Every line below from the one containing "Armoire à Délices" to the final line must be reproduced exactly, and no other line may appear in the answer.

[SUPPLIED DATA Boundary: Start]

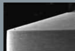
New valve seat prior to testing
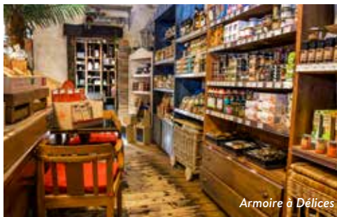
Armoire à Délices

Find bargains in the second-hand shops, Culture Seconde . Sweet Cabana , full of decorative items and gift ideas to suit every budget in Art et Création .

[SUPPLIED DATA Boundary: End]

__EXERCISE OUTPUT__.
Armoire à Délices

Find bargains in the second-hand shops, Culture Seconde . Sweet Cabana , full of decorative items and gift ideas to suit every budget in Art et Création .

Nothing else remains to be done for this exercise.